The two went into the water to get Dan. They got him into the car and then to the hospital. Lucky's bike worked okay after the mud was scrapped off, although it sustained some reparable damage. The Sunday bike ride with Mary Jane had to be postponed.

Once the hospital report was completed, Lucky's Commander found out. Lucky accepted another Article 15 and lost a stripe. Normally such an accident wouldn't have resulted in any military punishment, except he worked in the motorpool and was supposed to be a responsible driver. This minor inconsistency didn't improve Lucky's attitude toward the Army. In fact, he resolved to get out at the earliest possible time.
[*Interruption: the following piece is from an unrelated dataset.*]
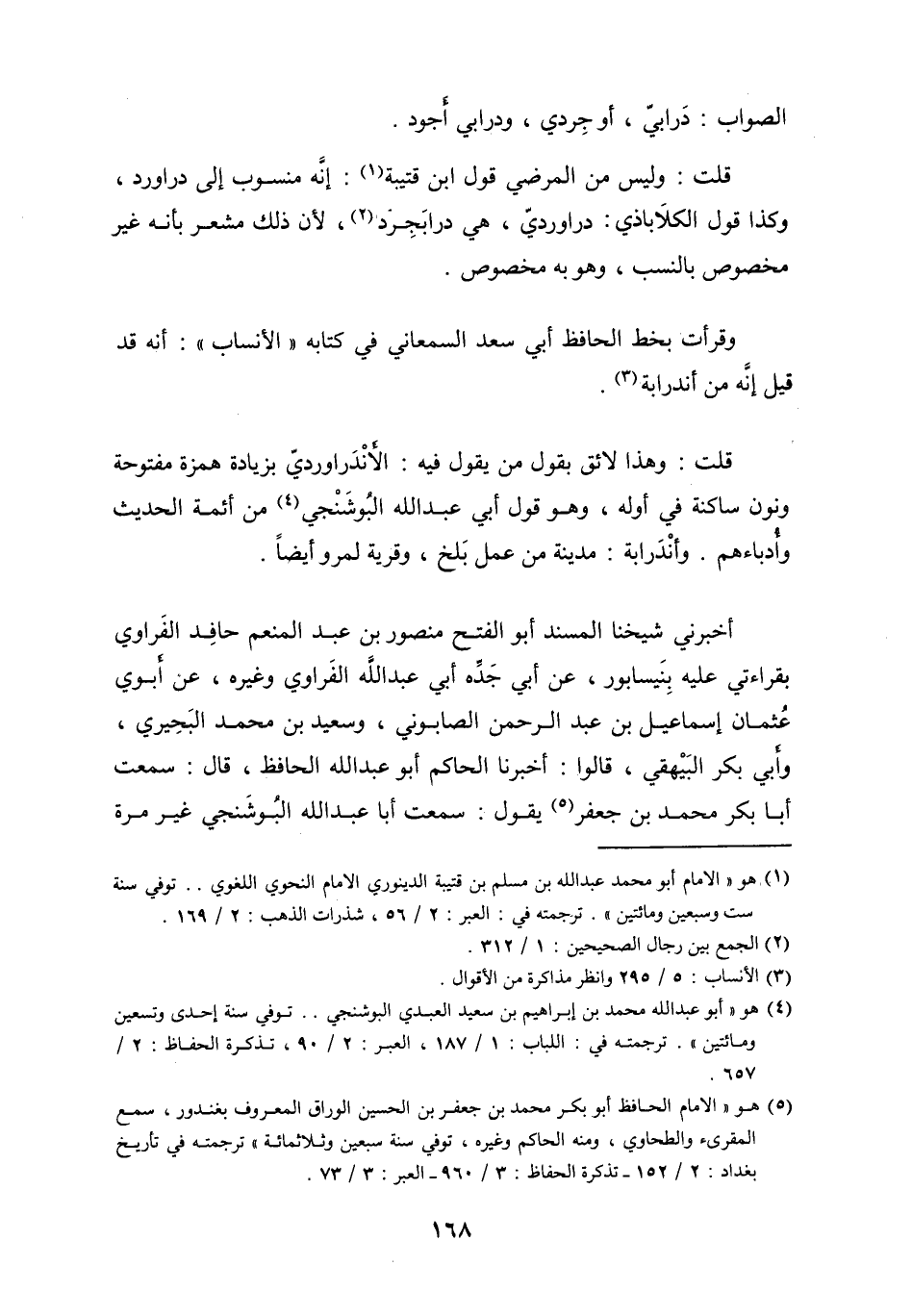 قلت وَلَيْسَ من المرضي قَول ابْن قُتَيْبَة إِنَّه مَنْسُوب إِلَى دراورد وَكَذَا قَول الكلاباذي دراوردي هِيَ درابجرد لِأَن ذَلِك مشْعر بِأَنَّهُ غير مَخْصُوص بِالنّسَبِ وَهُوَ بِهِ مَخْصُوص

In a different time and place, Jack's agony continues:

`The prayer of faith availeth much,' say the scriptures. Very possibly it [meaningful prayers] will give me the confidence in the scriptures, which is also a basic problem of my mind. My brother, John, suggested that the way to do missionary work is to forget about oneself and do what needs to be done. This is what I hope to develop. But as of yet I don't want it, I don't want that self-sacrifice. I like too much: reading, speculating, learning and widening my horizons. Because faith, as I mentioned, is the abject subjectivity of the mind, which I do not accept in principle and less in practice.

So even though these last two pages have developed a splendid concept, or maybe not so splendid, the success depends on my desires over the long-run. These desires seem to be too materialistic to allow success. My attitude is obviously negative. That may well be my undoing, but it is caused by the present will to perpetuate my personal desires. So be it. Success may come, but if it does, it will be in spite of me, rather than because of me.

This is a circular argument, returning to the beginning of the discussion without touching on the most important aspect of religion, celebrating the mystery in life. This vividly displays the depth of his frustration with his too rational attempt at belief. There is some spiritual growth evident in Jack's willingness to attempt gaining faith; his apparent humility and reverence for life is a good beginning on the way to spirituality of secular humanism.

It might be apt to introduce a thought at this time which came to me a few weeks ago in church or somewhere. Man (as a universal concept) is naturally curious. He has been searching, individually and collectively, for truth in the field of knowledge for thousands of years. And to what avail? He knows not whether he has found it in his logic (unless one accepts revelation and that doesn't apply to logic), yet he continues his search undaunted in each successive generation. In honesty my religion does not allow me this freedom of speculation because it knows we have the truth with us. It may be right? I believe it is, but that will not stop my desire to add my reason to that of men preceding me. I intend to make some contribution in the area of logic, or speculation.

There is here a characteristic arrogance of the modern age, when people think they can judge religious issues for themselves. Jack was wrong twice: First for the arrogance he shares with those other readers of Time magazine of the 60's, and second, he probably overestimated his own capabilities.